Thursday, 13 October 2011


Let me be frank, I haven't been this disappointed by a film since, erm, well, Tinker Tailor Soldier Spy. That's not to say this isn't a good film, it really is. However, it doesn't live up the praise that's been heaped upon it. Like TTSS before it, Drive has been hyped-up to such an extent that it couldn't possibly achieve anything more than disappointment.

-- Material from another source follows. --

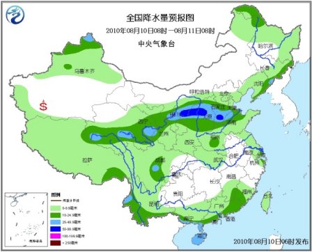 8月10日至13日,北方地區將出現一次強降雨過程。降雨主要集中在西北、華北以及黃淮的部分地區,黃河中游也將出現大雨或暴雨,局地大暴雨。甘肅舟曲11日起,也將出現較強降雨,對搶險救援不利。

On the positive side, the acting's fine, the film looks great and you'd have to say that, based on those two things alone, Nicholas Winding Refn deserved his Best Director win at Cannes. The problem's with the story and the action, or, more accurately, the lack of. In a couple of scenes you can see on Ryan Gosling's dashboard that he's driving about at 12-14 mph, unfortunately that says it all. I wasn't expecting The Fast and the Furious, neither do I get stiffies for automobiles so that's not an issue for me, but, I do expect thrillers to be tense... or thrilling.

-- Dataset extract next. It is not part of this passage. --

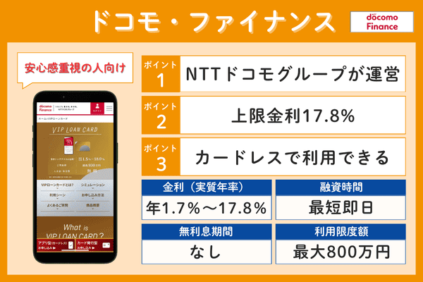ドコモ・ファイナンス年1.7%~17.8%最短60分なし最大800万円

Drive provided neither, I experienced no sense of peril and found little that got my pulse racing. Comfortably the best think about the movie is the musical accompaniment. Cliff Martinez’s soundtrack, in places, sounds like what Daft Punk's Tron Legacy OST should have been. Other tracks are reminiscent of, but not quite as good as, the haunting ambience of Vangelis' Blade Runner.

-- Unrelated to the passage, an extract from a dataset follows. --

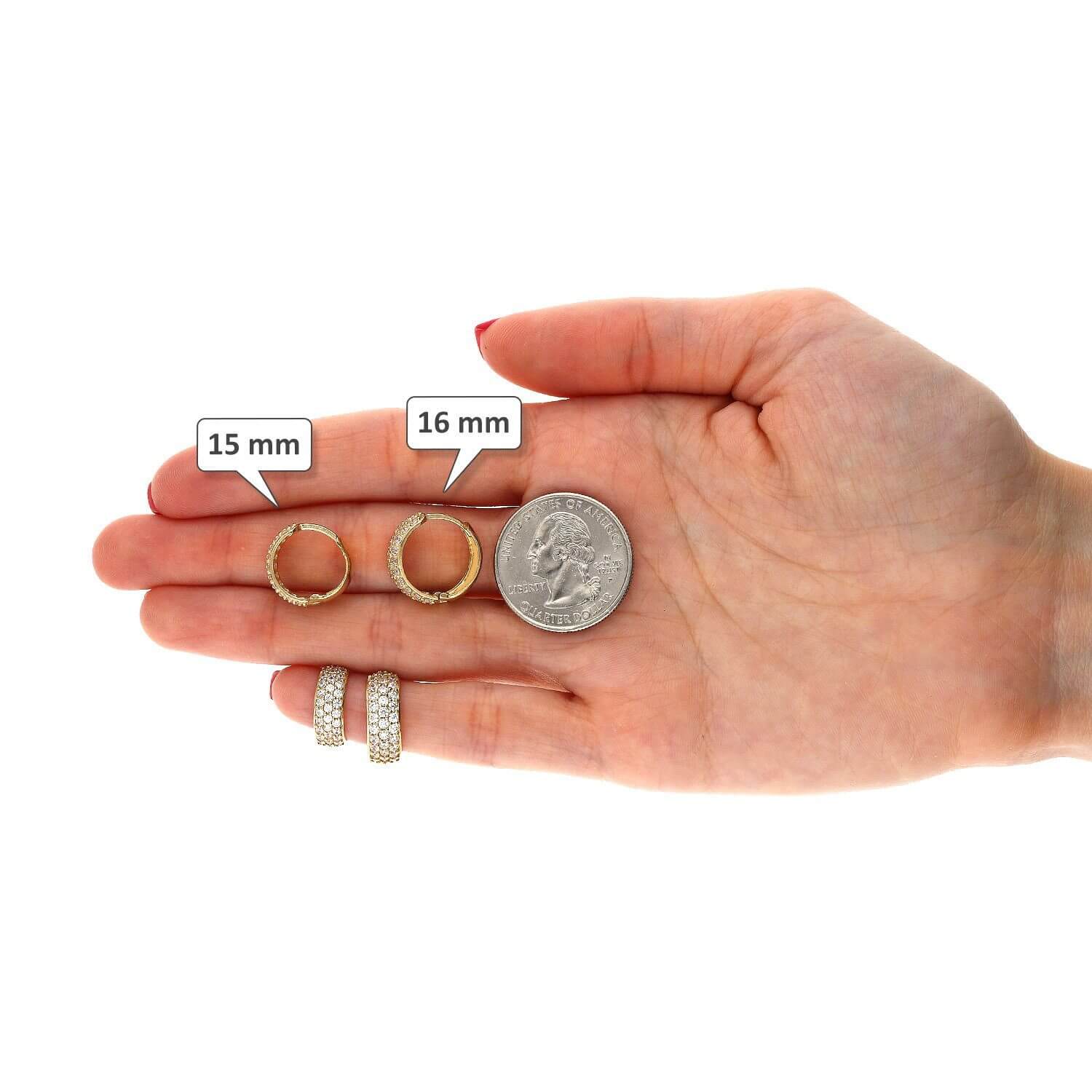 10K Yellow Gold 3-Row Prong Set CZ Huggie Hoop Earrings 15mm/16mmCouldn't load pickup availability

Martinez's compositions are complimented by tracks from Kavinsky & Lovefoxxx, Desire, College and Chromatics and the whole thing blends together to create a masterpiece. Martinez, a former drummer with the Red Hot Chili Peppers, has previously produced soundtracks for Pump Up the Volume, Traffic and Solaris. His next appearance is Steven Soderbergh’s forthcoming thriller Cotagion.

I’ll admit, this is barely a review, simply because there’s nothing really to talk about. Shame.